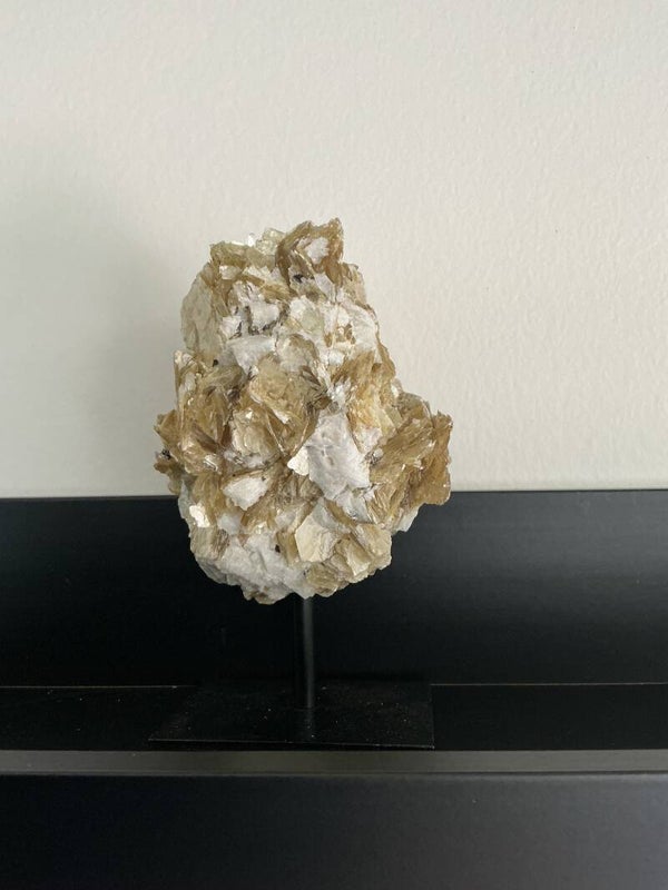 Deze prachtige Gouden Mica op een stijlvolle standaard is niet alleen een schitterend decoratiestuk, maar draagt ook een krachtige spirituele energie met zich mee.
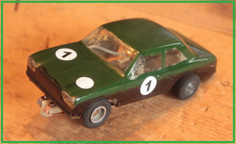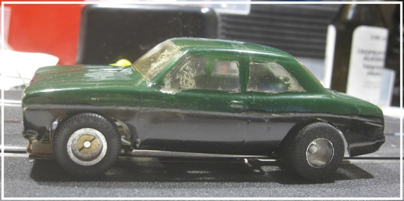 Tämä 60 -lukuinen voimakaksikko löytyi huhtikuun alussa Turusta ja ne oli kertakaikkiaan mukava saattaa ajokuntoon Nahinoihin. Toisesta autosta puuttuu ohjuri, molemmista breidit ja autoihin oli saatava uudet takarenkaat. Lisäksi vaihdoin autoihin tanakammat kaapelit sillä alkuperäiset virtajohteet olivat hyvin heiveröisen oloiset (Scalextricin ensiasennusjohtoja vastaavat) ja suoraan sanoen epäilin niiden kykyä välittää koneeseen virtaa! Autojen takarenkaiden elvyksessä suurin kiitos menee Kivekkään Kaitsulle joka antoi vinkin renkaiden fiksaamiseen, toisen vinkin mistä renkaat saan hankittua ja kolmanneksi vielä sorvasi renkaat toivomaani mittaan. Harjoitusajojen kustannuksella sain autot valmisteltua varikolla valmiiksi ennen kisaa, missä ne toimivat hyvin ja ennenkaikkea tulivat ehjänä maaliin.
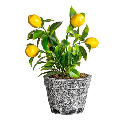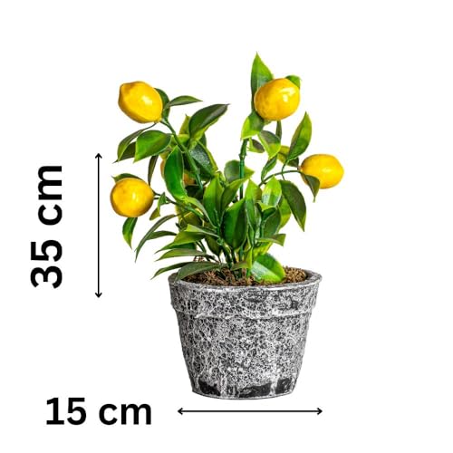 Generic - نبات ليمون صناعي في وعاء رمادي مزخرف، نبات صناعي بوعاء لديكور المنزل والمكتب، ليمون اصفر واقعي واوراق خضراء، لمسة ديكور داخلية 35 × 15
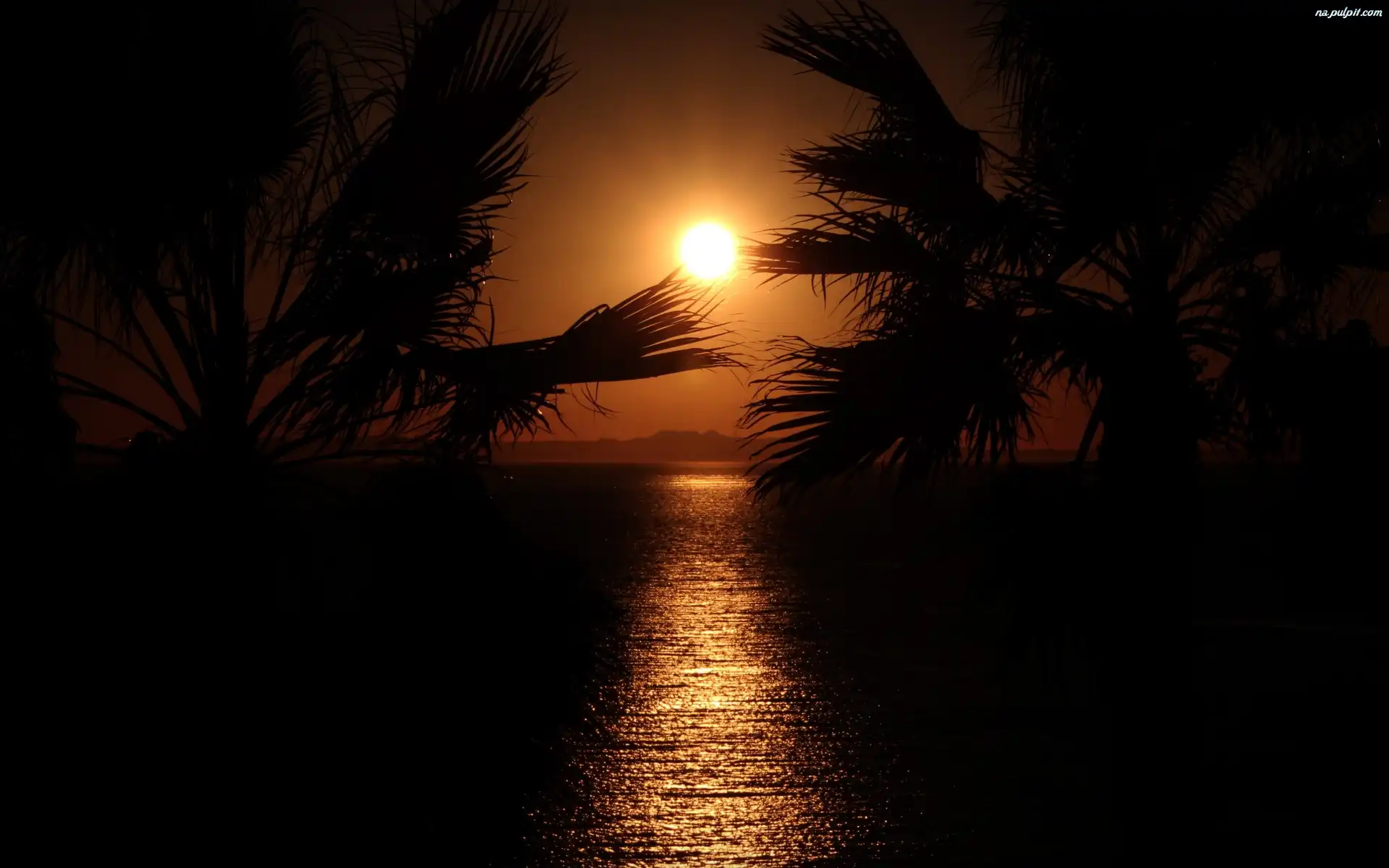 Palmy, Słońca, Zachód, Morze Na Pulpit

**What the exercise asks**
Repeat the material above exactly; any picture in it is left out.

**Answer space**
 Deze prachtige Gouden Mica op een stijlvolle standaard is niet alleen een schitterend decoratiestuk, maar draagt ook een krachtige spirituele energie met zich mee.
 Tämä 60 -lukuinen voimakaksikko löytyi huhtikuun alussa Turusta ja ne oli kertakaikkiaan mukava saattaa ajokuntoon Nahinoihin. Toisesta autosta puuttuu ohjuri, molemmista breidit ja autoihin oli saatava uudet takarenkaat. Lisäksi vaihdoin autoihin tanakammat kaapelit sillä alkuperäiset virtajohteet olivat hyvin heiveröisen oloiset (Scalextricin ensiasennusjohtoja vastaavat) ja suoraan sanoen epäilin niiden kykyä välittää koneeseen virtaa! Autojen takarenkaiden elvyksessä suurin kiitos menee Kivekkään Kaitsulle joka antoi vinkin renkaiden fiksaamiseen, toisen vinkin mistä renkaat saan hankittua ja kolmanneksi vielä sorvasi renkaat toivomaani mittaan. Harjoitusajojen kustannuksella sain autot valmisteltua varikolla valmiiksi ennen kisaa, missä ne toimivat hyvin ja ennenkaikkea tulivat ehjänä maaliin.
 Generic - نبات ليمون صناعي في وعاء رمادي مزخرف، نبات صناعي بوعاء لديكور المنزل والمكتب، ليمون اصفر واقعي واوراق خضراء، لمسة ديكور داخلية 35 × 15
 Palmy, Słońca, Zachód, Morze Na Pulpit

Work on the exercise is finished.